Wednesday, April 10, 2013

Writers' Wednesday: Pitch Your Book at Savvy Authors!

Hey writers, just a quick mention today:

Savvy Authors is hosting a slew of agents and editors this week over at their website, all of whom are taking pitches for material!

Click here to find out more. 

Monday, April 08, 2013

Monday Mentionables: Learning to Take a Deep Breath from Hugh Howey

I read a terrific article over the weekend in Writers Digest, about self-published success story Hugh Howey. I hadn't heard of him, but apparently he writes sci-fi and had a breakout with his novella (series) Wool. Long story short, he ended up winning agent Kristin Nelson and signing a contract with Simon & Schuster for print rights only, while keeping his right to self-publish digitally. This is a huge deal because it's almost unheard of. Big New York publishers traditionally want all the rights they can get: digital, print, audio, movie, foreign...

But apparently Howey held out because he didn't feel a burning need to grant those rights (he was making upwards of $150K a month in royalties from his self-pubbed works, so I guess he could afford to be choosy). He wanted to secure a "hybrid" deal for himself in part to break ground for other authors to do the same - which I think is oh so cool.

That's not the part of the article I liked the most, though. This is the paragraph that stood out for me:

"...maybe you're earning $20 or $50 a month with the six or seven titles you have out there, and you're busy writing your next work. You're not thinking about landing an agent. You're not writing query letters, you're writing stories. And meanwhile, your ebook sales might be paying your cable bill...Instead of having your manuscripts in a drawer or in self-addressed, stamped envelopes, you have them out there where readers can find them, and maybe one of them will take off..."
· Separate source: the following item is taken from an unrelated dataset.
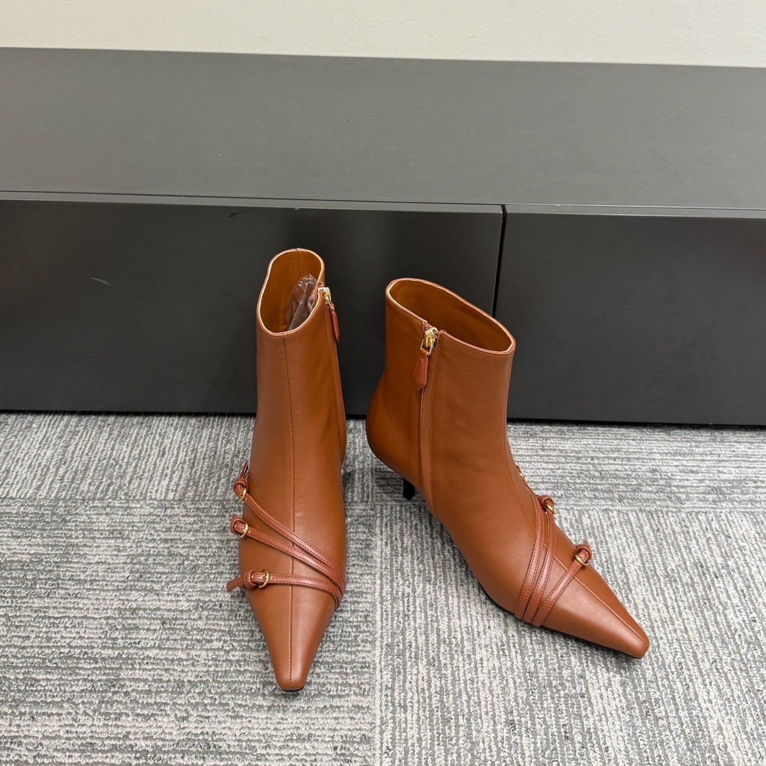 HM short boots kelly buckle black sheepskin

Something clicked for me when I read that, a reminder that we should be writing because we love it, not because we need to pay bills with it or because a contract/editor/agent is breathing down our necks for the next manuscript or because a genre is bursting with new works and if we don't keep up then we'll somehow lose our chance to publish...well, ever.

His words reminded me that I need to take a deep breath and worry a little less about when my books are coming out, when I'm finishing the next one, whether anyone will want to sign it, how I'll promote the backlist along with the new release and...

Yeah. Deep breaths. And remembering why I love to write. Thanks, Hugh Howey. I needed that.